Почему А.С. Макаренко не заметил этих противоречий в своих взглядах? Почему ему так захотелось верить во всемогущество педагогической технологии? Быть может, всё дело в том, что, реально понимая суть педагогического процесса как глубоко личностного, в котором решающим фактором является качество личности воспитателя (как понимает это, например, Менегетти ) , мы придём к мировоззрению, которое может быть названо «здоровым педагогическим пессимизмом», поймём, что в нашем обществе успешное массовое воспитание пока невозможно в принципе, поскольку нет того количества личностей, которое необходимо, чтобы управлять педагогическим процессом абсолютно во всех педагогических учреждениях. А.С. Макаренко же хотел верить в быстрое массовое «производство» нового человека, и в этом смысле он был типичным утопистом.
Нынешние российские педагоги, очевидно, хотят верить в быстрый и лёгкий педагогический успех за счёт использования хороших технологий. И тогда нам всё нипочём: не помешает ни социальное положение учителей, ни то, что в учителя идут зачастую случайные люди, без призвания, не сумевшие {или не рассчитывающие) поступить в престижные вузы; что 90% наших педагогов — женщины, что наши педагогические вузы готовят специалистов-предметников, но совершенно не воспитывают педагогов. При такой вере в хорошие технологии уже не пугает развал системы управления образованием;  абсолютно не  важна страшная оторванность нашей педагогической теории от практики, существующих будто в параллельных мирах. Абсолютно неважно, кто у нас работает с детьми, ведь всё равно будет успех благодаря правильным технологиям! Это и есть «соблазн технологизма» в педагогике. Соблазн идти ложным путём, который легче истинного, но к успеху никогда не ведёт.

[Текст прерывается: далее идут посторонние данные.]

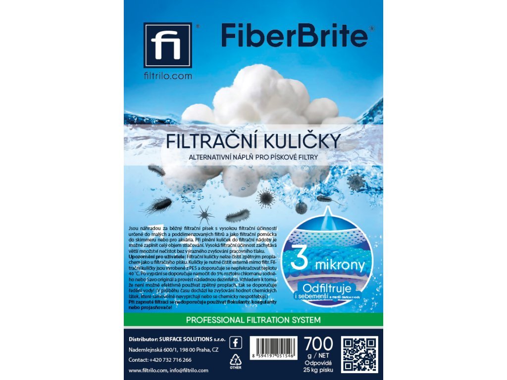 FIBER BRITE je jediné certifikované filtrační médium pro pitnou vodu a extra čistou bazénovou vodu. Filtrační kuličky FIBER BRITE jsou náhradou za běžný filtrační písek se skutečně vysokou filtrační účinností. Dokáží odfiltrovat částice až do velikosti 3 mikronů (písek pouze 20 mikronů). Při plnění kuliček do filtrační nádoby je možné zaplnit celý objem bez stlačování. Vysoká filtrační účinnost zachytává větší množství nečistot bez výrazného zvyšování pracovního tlaku. Proto se doporučuje pravidelná kontrola stavu a čištění filtračních kuliček.

А на самом деле хорошая педагогическая технология — важная и нужная составляющая педагогического процесса, но далеко не главная и не обеспечивающая успеха. «Строго научное проектирование и точное воспроизведение в классной комнате гарантирующих успех педагогических процессов», обещанное В.П. Беспалько, возможно только в воображении, но не в действительности. К несчастью, люди, привыкшие мыслить утопически, чаще всего не в состоянии полностью излечиться от этой психологической болезни, они лишь меняют одну утопическую веру на другую.
В действительности же главным определяющим фактором педагогического процесса является человеческая связь воспитанника и воспитателя, качество которой определяется качеством личности воспитателя. Чтобы воспитывать и обучать, нужен Педагог: именно так, с большой буквы. А это значит, что нужно привлекать в педагогику тех, у кого есть призвание к работе с детьми. Их нужно воспитывать, но мы этого делать не умеем, да и не стремимся. Мы даже не знаем, как это нужно делать, и возможно ли это вообще. Вот почему на самом деле «у нас очень мало нового, а если оно и зарождается, то исключительно благодаря отчаянным усилиям отдельных лиц, которым приходится при этом лезть не на один рожон» (это слова Макаренко) .
Педагогике нужна Личность. Без неё не может быть ни успешного воспитания, ни полноценного обучения.